### [WHAT YOU ARE ASKED TO DO]
The lines to reproduce from the material below are those from the one containing "Ovaj potpuno opremljen" through the one containing "在航天思尔特陈炀华经理和工作", both included; write them out exactly and add nothing.

### [AVAILABLE DATA]
__________________________________________________

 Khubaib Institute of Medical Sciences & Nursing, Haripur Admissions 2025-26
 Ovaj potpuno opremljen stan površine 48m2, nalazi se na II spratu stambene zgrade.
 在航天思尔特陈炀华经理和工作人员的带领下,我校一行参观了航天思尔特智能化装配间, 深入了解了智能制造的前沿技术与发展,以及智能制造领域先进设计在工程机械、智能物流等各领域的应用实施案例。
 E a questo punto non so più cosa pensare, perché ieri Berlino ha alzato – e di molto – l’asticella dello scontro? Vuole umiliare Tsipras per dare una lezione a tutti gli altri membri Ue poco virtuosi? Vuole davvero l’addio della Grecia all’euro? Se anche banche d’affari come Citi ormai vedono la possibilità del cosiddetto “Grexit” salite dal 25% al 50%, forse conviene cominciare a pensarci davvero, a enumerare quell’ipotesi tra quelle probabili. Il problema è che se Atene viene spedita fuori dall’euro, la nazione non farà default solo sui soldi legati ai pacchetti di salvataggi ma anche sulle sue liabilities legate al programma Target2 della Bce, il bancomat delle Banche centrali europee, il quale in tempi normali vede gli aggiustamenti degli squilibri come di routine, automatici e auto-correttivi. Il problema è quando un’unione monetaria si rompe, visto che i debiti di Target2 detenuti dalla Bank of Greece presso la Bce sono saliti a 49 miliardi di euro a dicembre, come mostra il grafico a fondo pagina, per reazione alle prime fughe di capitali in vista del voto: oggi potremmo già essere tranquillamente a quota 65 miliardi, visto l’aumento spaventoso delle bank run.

__________________________________________________

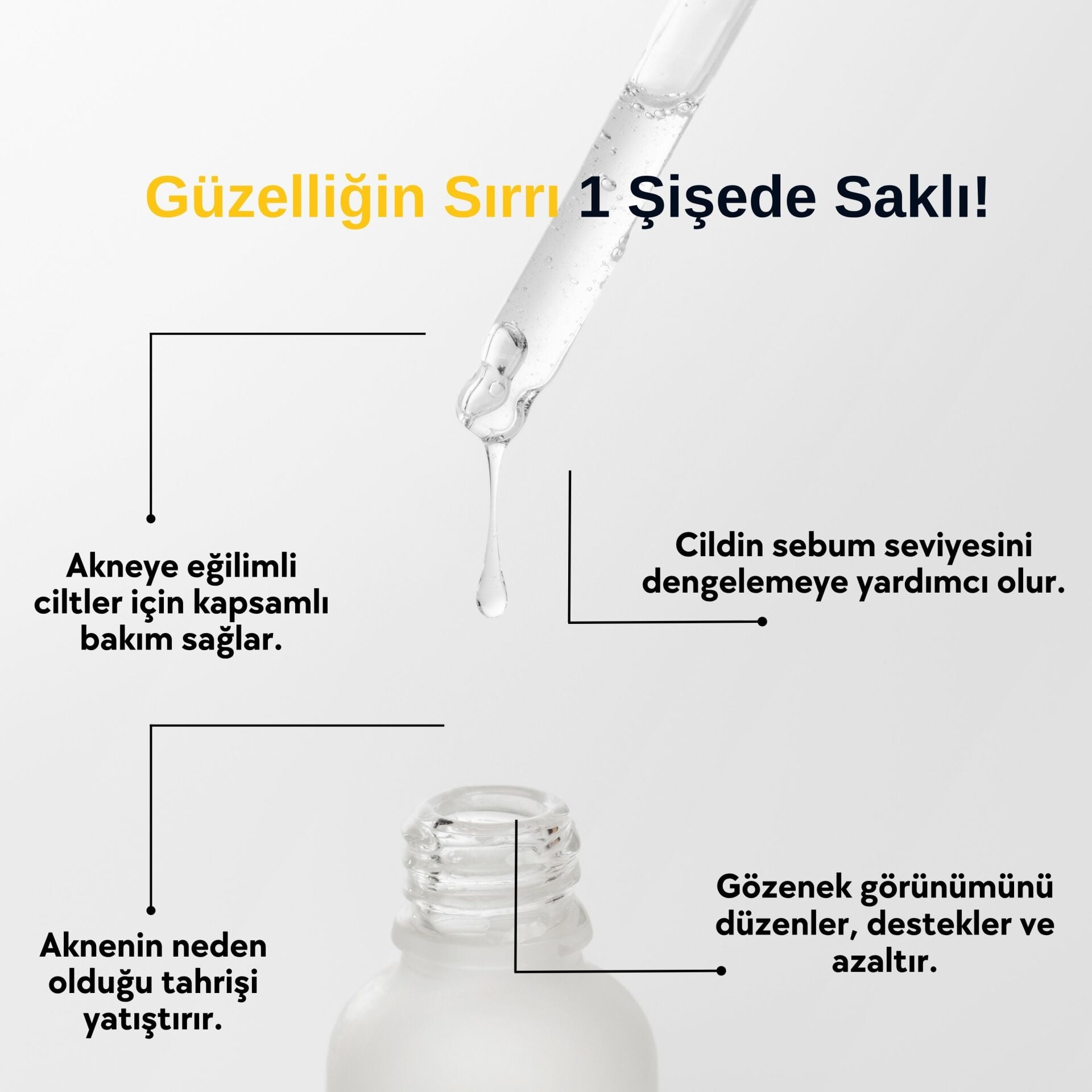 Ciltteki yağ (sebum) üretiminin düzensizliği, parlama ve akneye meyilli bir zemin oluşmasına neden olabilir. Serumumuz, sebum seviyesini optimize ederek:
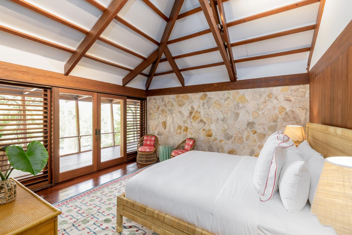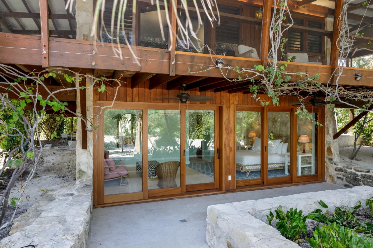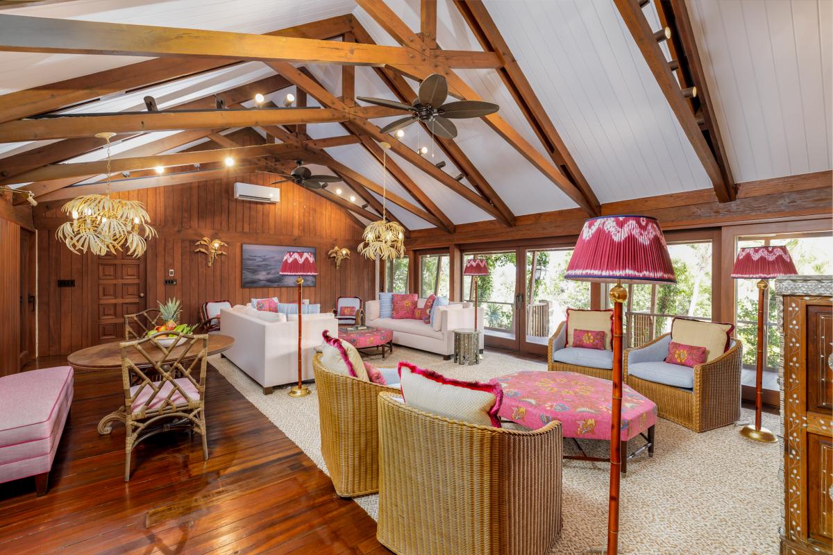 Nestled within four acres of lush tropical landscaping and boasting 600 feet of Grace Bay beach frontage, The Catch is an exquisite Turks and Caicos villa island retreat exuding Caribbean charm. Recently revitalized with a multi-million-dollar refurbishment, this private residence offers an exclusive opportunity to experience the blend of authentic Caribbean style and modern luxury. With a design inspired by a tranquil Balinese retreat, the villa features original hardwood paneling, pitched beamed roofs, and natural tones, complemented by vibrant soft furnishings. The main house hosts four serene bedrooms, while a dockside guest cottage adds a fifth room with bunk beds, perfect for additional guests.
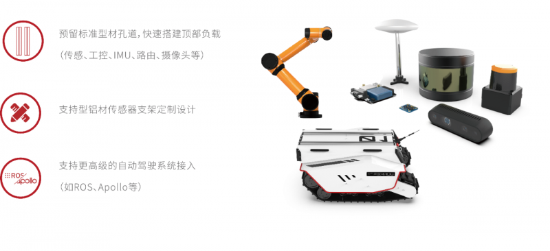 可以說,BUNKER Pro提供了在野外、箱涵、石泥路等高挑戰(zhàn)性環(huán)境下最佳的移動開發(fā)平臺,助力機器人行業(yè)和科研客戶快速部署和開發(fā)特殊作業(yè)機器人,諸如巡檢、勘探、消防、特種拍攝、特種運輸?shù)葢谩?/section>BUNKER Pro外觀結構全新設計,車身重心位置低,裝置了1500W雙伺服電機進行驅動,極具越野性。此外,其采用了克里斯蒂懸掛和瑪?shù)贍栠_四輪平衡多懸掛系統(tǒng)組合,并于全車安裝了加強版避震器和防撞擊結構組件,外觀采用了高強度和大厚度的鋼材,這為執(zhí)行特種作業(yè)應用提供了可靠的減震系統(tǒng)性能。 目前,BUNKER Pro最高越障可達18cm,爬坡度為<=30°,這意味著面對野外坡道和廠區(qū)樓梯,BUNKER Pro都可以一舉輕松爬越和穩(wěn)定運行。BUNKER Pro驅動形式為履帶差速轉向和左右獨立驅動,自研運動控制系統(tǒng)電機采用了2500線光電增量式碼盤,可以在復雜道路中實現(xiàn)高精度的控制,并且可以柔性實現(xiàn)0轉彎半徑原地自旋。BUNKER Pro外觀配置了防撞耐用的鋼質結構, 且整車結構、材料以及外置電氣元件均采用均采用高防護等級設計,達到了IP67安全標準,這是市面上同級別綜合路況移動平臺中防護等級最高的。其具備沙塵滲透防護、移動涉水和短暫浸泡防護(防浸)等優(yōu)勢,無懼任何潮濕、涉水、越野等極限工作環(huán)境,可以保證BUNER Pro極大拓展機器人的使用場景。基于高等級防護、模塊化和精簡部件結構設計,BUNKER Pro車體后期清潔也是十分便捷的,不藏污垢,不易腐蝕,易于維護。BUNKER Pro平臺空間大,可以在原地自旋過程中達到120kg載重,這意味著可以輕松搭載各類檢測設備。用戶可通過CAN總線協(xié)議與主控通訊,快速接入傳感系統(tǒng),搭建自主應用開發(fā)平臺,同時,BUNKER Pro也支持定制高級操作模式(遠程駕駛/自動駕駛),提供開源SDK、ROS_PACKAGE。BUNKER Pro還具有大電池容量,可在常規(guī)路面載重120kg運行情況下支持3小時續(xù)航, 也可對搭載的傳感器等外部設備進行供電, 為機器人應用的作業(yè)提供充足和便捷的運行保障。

__________________________________________________

### [COMPLETED TASK]
 Ovaj potpuno opremljen stan površine 48m2, nalazi se na II spratu stambene zgrade.
 在航天思尔特陈炀华经理和工作人员的带领下,我校一行参观了航天思尔特智能化装配间, 深入了解了智能制造的前沿技术与发展,以及智能制造领域先进设计在工程机械、智能物流等各领域的应用实施案例。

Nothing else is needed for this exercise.